In the world of sports betting, a hedge bet is usually a second bet that either reduces the risk of loss or guarantees some sort of win. This is something that the bettor does, not the bookmaker with whom the bet is placed. The bookmaker may offer other types of deal-sweeteners, such as bookmaker welcome offers, cash out options, accumulator bonuses, and so on in order to attract new users. Hedging, however, is entirely on the person placing the bet.
To be clear, hedge betting is very different from something known as arbitrage betting, although they do share some similarities and both are legal ways to secure your investments. However, arbitrage betting or arbing, as it is sometimes known, involves placing bets with two or more bookmakers to take advantage of the differences in odds they offer. This practice is usually frowned upon by most sportsbooks because it guarantees a win, as long as it’s done right and perfectly timed.
Hedge betting is different because you’re not playing bookmakers against each other. Instead, you’re playing two or more bets against each other. The outcome for you could still be a win-win situation, depending on how well you execute your hedging strategy
How to Hedge a Bet
There are several ways to hedge a bet, but it usually involves placing a larger bet on the opposite outcome to that of the original bet.

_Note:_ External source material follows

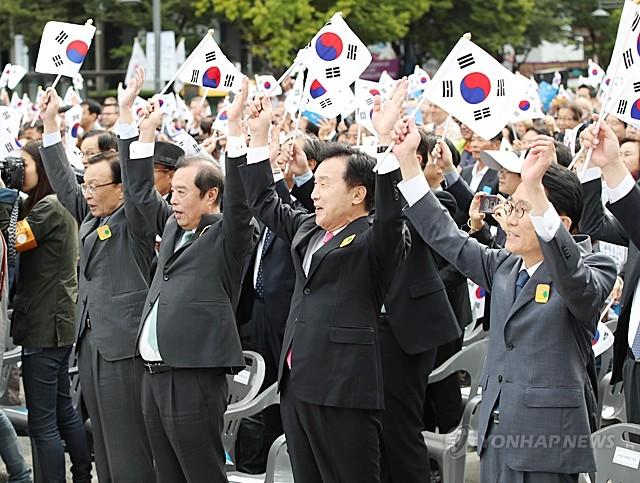 9일 서울 종로구 광화문 광장 세종대왕 동상 앞에서 열린 제527돌 한글날 경축식에 더불어민주당 이해찬 대표(왼쪽부터), 자유한국당 김병준 비상대책위원장, 바른미래당 손학규 대표, 정의당 윤소하 원내대표가 태극기를 들고 만세삼창을 하고 있다.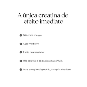 A única creatina do mercado com efeito imediato. Explosão e desempenho físico, garantindo suporte eficaz para treinos intensos.

To help explain how it works, we’ll show you a very straightforward example.
An Example of a Hedge Bet
Let’s say that Team A and Team B will be facing each other in the finals. Team A’s odds are 60/1 and Team B’s odds are 2/1. If you’ve bet X dollars on Team A to win, you’ll get 60X as winnings – if they win. That’s what the odds translate to. On the other hand, if they lose, you lose your entire wager of X dollars.
Let’s say the hedge bet is 10X dollars on Team B to win. That means you’re betting ten times the amount to back Team B as you did on Team A. If Team B wins, you get 20X because of the 2/1 odds.
You have now hedged your Team A bet with your Team B bet, or vice versa depending on how you look at the set-up. If the Team B bet is your main bet, then the Team A bet is your hedge. The relationship doesn’t matter but the amount you wager on each one – based on the odds for each team – does matter a great deal.
In this scenario, there are two possible outcomes of this set-up and how it affects your winnings:
Team A Wins – You get 60X from the first bet but lose 10X on the hedge – Your winnings are 50X
Team B Wins – You lose X from the first bet but win 20X from the hedge – Your winnings are 20X less your original wagers of X and 10X, which leaves you with 9X
As you can see, you win in both cases. Assuming the main bet was on Team A and the hedge on Team B, in the first scenario, you sacrifice some of your win toward the hedge; in the second, you save yourself a loss on the main bet and actually come out winning because of the hedge bet.
Hedging strategies can get really complex when there are multiple teams and bets involved. However, you can use hedge betting calculators and other software to tell you how much to bet and how to hedge that bet for the best possible outcome.
That said, it’s a good idea to read up on the best hedging strategies to know when to hedge a back bet or a lay bet depending on whether the odds are shortening or drifting (lengthening.)
Hedging is purely a math puzzle but, if you can crack it, you can effectively bet on sports, trade the stock market, dabble in forex, and engage in several other areas where a great degree of risk is involved.